How Many Kilojoules Per Day?

It’s important to determine the ideal daily kilojoule intake you should stick to to lose (or gain) weight before you start following a kilojoule-controlled eating plan to achieve your targets you’ve set for yourself.

How many kilojoules you should eat per day to lose weight

Typically, the average adult needs approximately 8 700 kilojoules per day – however this number can change depending on a variety of factors, such as:

  • Height and weight
  • Age
  • Gender
  • The amount of muscle and fat in your body
  • Your personal health status
  • Whether or not you are pregnant or breastfeeding





Kilojoules are needed in order to provide your body with energy – the energy to perform basic bodily functions such as growth and development, as well as activities such as walking, running, climbing, working and even sleeping and watching television. So it stands to reason that the more activity you engage in, the more kilojoules you will need to consume every day, and vice versa.

While it is always best to consult a doctor, dietician or health professional in order to determine your optimum daily kilojoule allowance, the following guide is suggested as a rule of thumb:

Inactive lifestyle (no exercise; sedentary job)
68kg female – 8 100kj; 80kg man – 9 600kj

Moderately active lifestyle (up to 3 sessions of moderate activity per week)
68kg female – 8 850kj; 80kg man – 10 400kj

Active lifestyle (more than 3 sessions of moderate to intense physical activity per week)
68kg female – 9 500kj; 80kg man – 11 200kj

Consuming more kilojoules than your body needs to function will result in the excess kilojoules being stored as fat – which is how one puts on weight. The good news is that the more active you are, the faster you will burn kilojoules (which is why your daily kilojoule allowance increases the more exercise you do).

In fact, recent studies have shown that doing just 2.5 minutes of high intensity exercise per day (such as 5 30-second sprints with a 4-minute rest period in between each) will help you burn up to 840 kilojoules extra a day! All of which goes to show that exercise, even light to moderate exercise, is an integral part of any health and wellness programme.

Kilojoules in food

Once you have determined the daily kilojoule allowance you will need in order to reach your health goals, such as losing weight or maintaining your current weight, you will need to take into account the kilojoule content of all the food and drink you consume, in order to put together a healthy eating plan.

The amount of kilojoules found in food depends on the actual food itself, the way it is prepared, and the size of the portion consumed at a sitting.
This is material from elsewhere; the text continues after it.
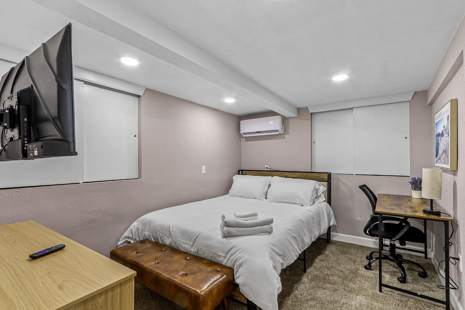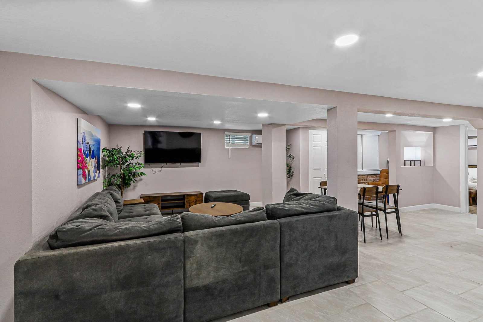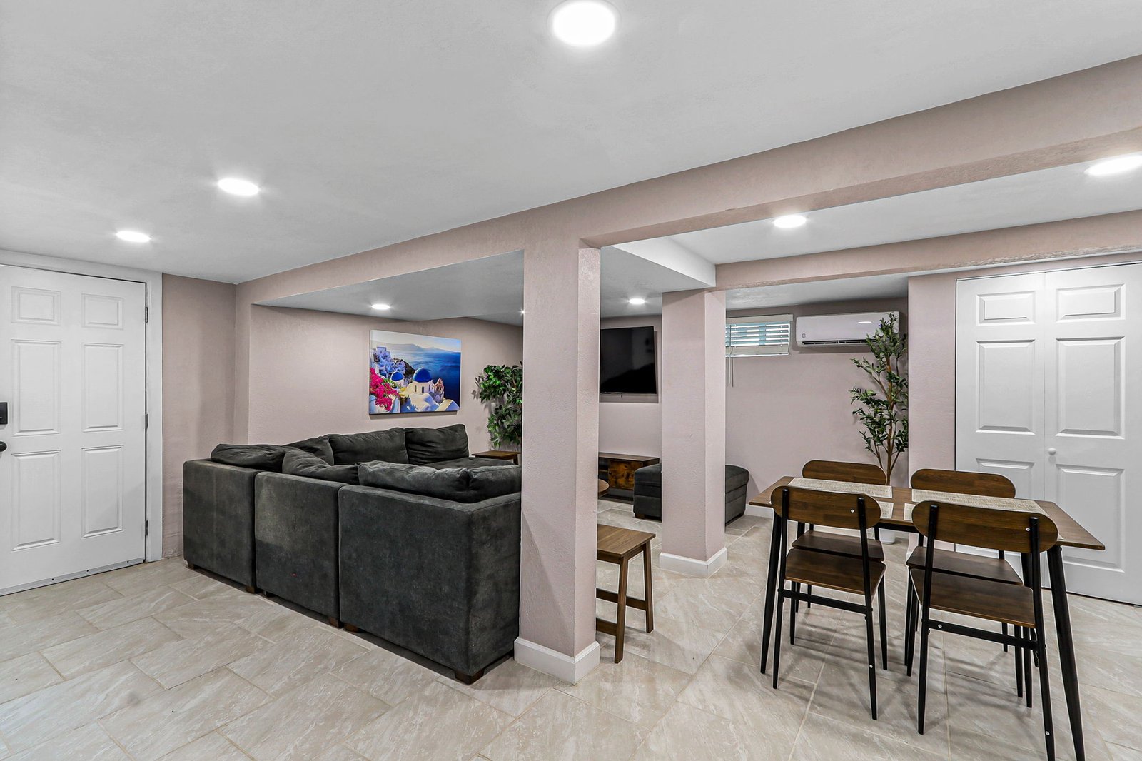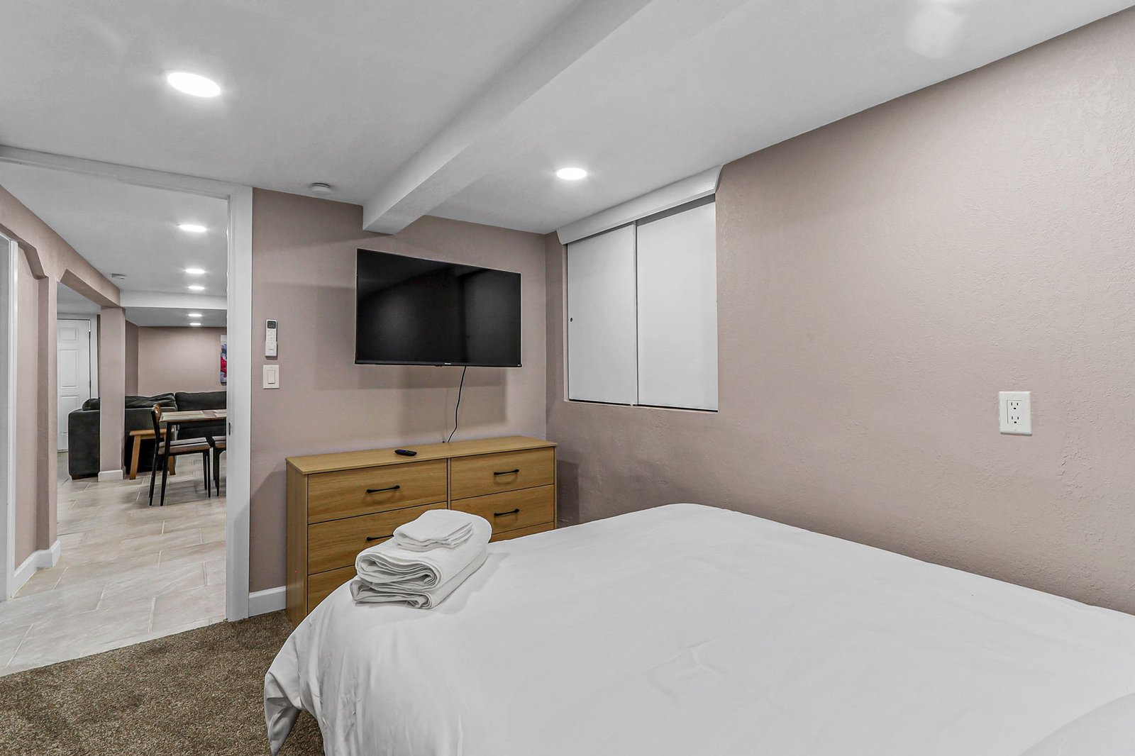 This 2-bedroom, 2-bathroom “basement” unit offers the perfect balance of comfort and functionality for families, friends, or business travelers. Step inside to an open-concept living space, complete with a large L-shaped sofa and a 58″ Smart TV, ideal for cozy evenings or catching up on your favorite shows. A mini-split system ensures a comfortable atmosphere no matter the season!

Generally speaking, fats and alcohol are high in kilojoules, protein and carbohydrates are moderate in kilojoules, and dietary fibre is low in kilojoules, as shown here:

  • 1g fat (butter, margarine, olives, oils, nuts, avocado, coconut milk) = 37kj
  • 1g alcohol (beer, wine, cider, spirits, cocktails, liqueurs) = 29kj
  • 1g protein (meat, fish, seafood, cheese, eggs, tofu) = 17kj
  •  1g carbohydrate (starch, dairy, fruit, cereals, legumes, starchy vegetables) = 17kj
  • 1g fibre (fruit, vegetables, nuts, seeds, pulses) = 8kj

Getting the balance of kilojoules right is of great importance – not only do you want to stay within your daily kilojoule intake, you also want to ensure that you make healthy choices within each food group so as to extract all the nutritional benefits you can from each meal.

While it is possible to stay within your daily kilojoule allowance with poor nutritional choices, doing so will result in a loss of energy, as well tiredness, lethargy, inconsistent blood sugar levels, and in the long-term, illnesses such as high cholesterol and blood pressure, type-2 diabetes, obesity and heart disease. Thus, it is imperative that you know which are the best choices to make within each food group, in order to consume the right amount of kilojoules and the most nutritious foods at the same time.